Putting a definitive date on really old plant and animal remains is hard enough as it is. Now, researchers say accelerating CO2 levels in the atmosphere will soon make carbon dating unreliable.
The method of carbon dating puts a time of death on organic remains by comparing the levels of radioactive and nonradioactive carbon.
When the sun’s rays react with nitrogen in the atmosphere, a radioactive isotope of carbon called carbon-14 is created. This isotope is absorbed by plants, and further up the food chain by herbivores, omnivores and carnivores.
All organic matter accretes this radioactive isotope while alive; but once deceased, carbon-14 begins decaying. By comparing the ratio of radiocarbon levels in decaying matter to those in the atmosphere, researchers can determine how long a plant, animal or organic-based material has been dead.
But the burning of fossil fuels, manmade carbon emissions, are dramatically increasing the amount of nonradioactive carbon in the atmosphere, throwing off the consistent ratios that make the dating technique possible.

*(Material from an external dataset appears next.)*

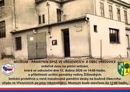 Muzeum Vřesovice vás zve na návrat pamětní desky Žižlavských na budovu OÚ, který se koná 12. dubna 2026 ve 14 hodin. Muzeum bude otevřeno od 14:00 do 17:00 hodin. V rámci programu se ve 14:30 uskuteční tematická přednáška o výsadku Zinc, která přiblíží důležité historické události.

“As carbon-14 decays over time the fraction will decrease so that’s how we use it for dating,” Heather Graven, researcher at Imperial College London and author of a new study on the subject, told BBC News. “But we can also change this ratio of radioactive carbon to total carbon, if we are adding non-radioactive carbon and that’s what’s happening with fossil fuels, we get this dilution effect.”
Graven says by 2050, a new pair of jeans will have the same radiocarbon date as something 10,000 years old.
“If we did any current measurements on new products, they will end up having the same fraction of radiocarbon to total carbon as something that’s lost it over time due to decay,” Graven said.
It’s not the end of dating, as scientists have a few other techniques. But it may soon be the end of carbon dating, a method that revolutionized both archaeology and forensic science after it was developed in the 1940s.
“This finding has strong and as yet unrecognized implications for many applications of radiocarbon in various fields, and it implies that radiocarbon dating may no longer provide definitive ages for samples up to 2,000 years old,” researchers concluded.